Researchers at Rice University and Baylor College of Medicine have found that nanoparticles can reduce brain damage that occurs during treatment of even relatively mild trauma. Infusion of clusters of chemically linked carbon nanotubes called PEG-HCC rapidly and effectively neutralize free radicals produced by cells at the injury site.
Cells at the site of a brain trauma, even a relatively mild one, release large amounts of superoxide, a radical oxygen compound that is part of the body's defense to prevent infection. Under normal conditions, this toxin is kept at reasonable levels by the superoxide dismutase enzyme which neutralizes it. However, on occurrence of an injury, much more superoxide is produced which overwhelms the dismutase's ability to clear it. This is where the nanoparticles come in.
The PEG-HCC nanoparticles can immediately and completely neutralize large amounts of superoxide. This is because each nanoparticle can combine with and neutralize hundreds of thousands of superoxide molecules. In contrast, superoxide dismutase neutralizes one molecule at a time. Co-author James Tour noted in the press release that "it's really radical annihilation. There's no such mechanism in biology."

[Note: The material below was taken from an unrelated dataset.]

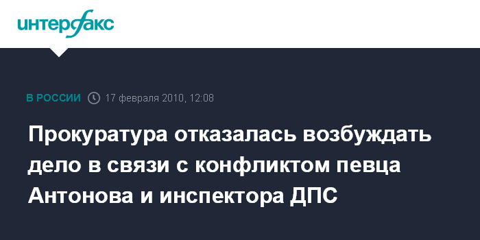 Прокуратура отказалась возбуждать дело в связи с конфликтом певца Антонова и инспектора ДПС

While excessive superoxide generates damaging toxic free-radical chemicals, the main problem with superoxide is that it is also disrupts circulation regulation. It prevents blood vessels from dilating and constricting appropriately which can produce brain damage beyond the point of injury.

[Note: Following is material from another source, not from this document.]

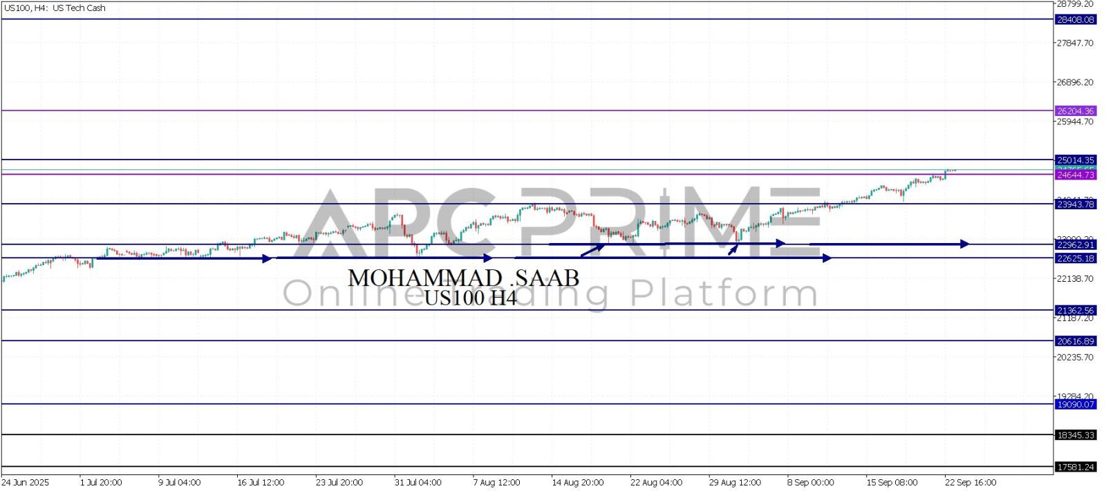 المنطقة الأهم (24644) ثبات السعر أعلى المنطقة الأهم يتجه السعر إلى منطقة المقاومة (25014) احتمالية الارتداد منها ممكنة ولكن باختراقها وإغلاق أعلى بشمعة أربع ساعات يتجه السعر إلى منطقة المقاومة (26204)

The treatment, of course, cannot be applied during the initial burst of superoxide at the time of injury. However, a second burst of free radicals occurs post-injury during resuscitation when medical experts are trying to restore blood pressure. It is during this 'reboot' of the blood flow that the nanoparticle treatment is effective.
The PEG-HCC nanoparticles have other biological applications. It was actually while they were being developed and tested for delivery of chemotherapeutics such as paxital and cetuximab to treat cancer, that the antioxidant properties were noticed. While testing for liver toxicity, researchers noticed that the PEG-HCC was enabling the liver cells to survive longer than normal. It wasn't just non-toxic but it was actually protective.